Le titre choisi par Mosso, qui se demandait s’il devait l’appeler ainsi ou La femme adultère, ne servait donc ni à dissimuler ni à ennoblir le sujet de son tableau : il était au contraire fonctionnel en soulignant sa participation à une discussion qui le fascinait. Dans ses mémoires, Mosso résume L’Homme-femme en le décrivant comme “un petit livre très bien fait, très spirituel, très élégant, plein d’ardeur communicative, mais plutôt paradoxal, basé sur l’improbable”. L’artiste, tout en prenant ses distances avec certaines affirmations de Dumas, écrit qu’“une femme déchue est toujours brisée, même dans sa réhabilitation achevée, statue de bronze aux pieds d’argile, elle est toujours sujette à retomber au premier coup de la passion”. Mais les conclusions de Dumas sont faibles, selon Mosso qui, dans ses mémoires, se demande entre les lignes si, au lieu d’en arriver à des conclusions drastiques, il ne vaudrait pas mieux parler de divorce, rejoignant ainsi les conclusions d’Ideville.

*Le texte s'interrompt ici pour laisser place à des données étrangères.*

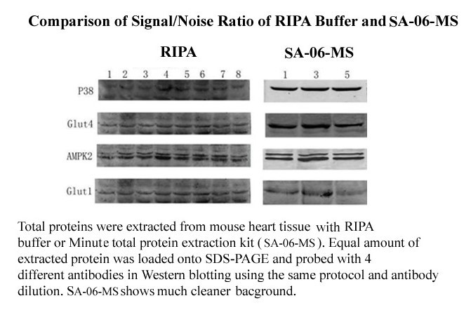 Many factors can contribute to high background in WB, such as improperly diluted antibodies, insufficient blocking, interference from blocking reagents, insufficient washing and poor quality of transfer membranes. However, the method/reagent used for protein extraction/sample preparation has been overlooked. Few researchers actually realize that the methods for protein extraction can significantly impact the background. The following two figures show side by side comparisons of the effect of protein extraction methods on WB background when RIPA buffer was compared with the spin column-based MinuteTM Protein Extraction Kits

La femme de Claude, ce tableau que l’artiste imagina après avoir vu “un beau rayon de soleil vibrer dans une chanson au-dessus d’un canapé antique, recouvert de satin clair”, comme l’aurait rappelé Calderini, n’est à considérer ni comme une dénonciation, ni comme un acte de violence. ni comme une dénonciation, ni comme une manifestation de proximité, ni comme une chronique, mais plutôt comme une sorte d’intervention de l’artiste dans un débat très actuel. Un débat qui conduira bientôt la France à adopter une nouvelle loi sur le divorce en 1884. Et malgré les polémiques des critiques les plus rétrogrades, la modernité de la peinture de Mosso est immédiatement reconnue : la ville de Turin achète aussitôt le tableau, qui sera exposé à nouveau trois ans plus tard. Puis, en 1884, l’un des plus grands artistes de l’époque, Angelo Morbelli, s’en souvient pour son Asfissia, un autre tableau inspiré d’un fait divers, où le protagoniste gît inerte sur le canapé dans la même pose que la femme de son collègue décédé sept ans plus tôt. Francesco Mosso a été l’un des pionniers d’une nouvelle peinture.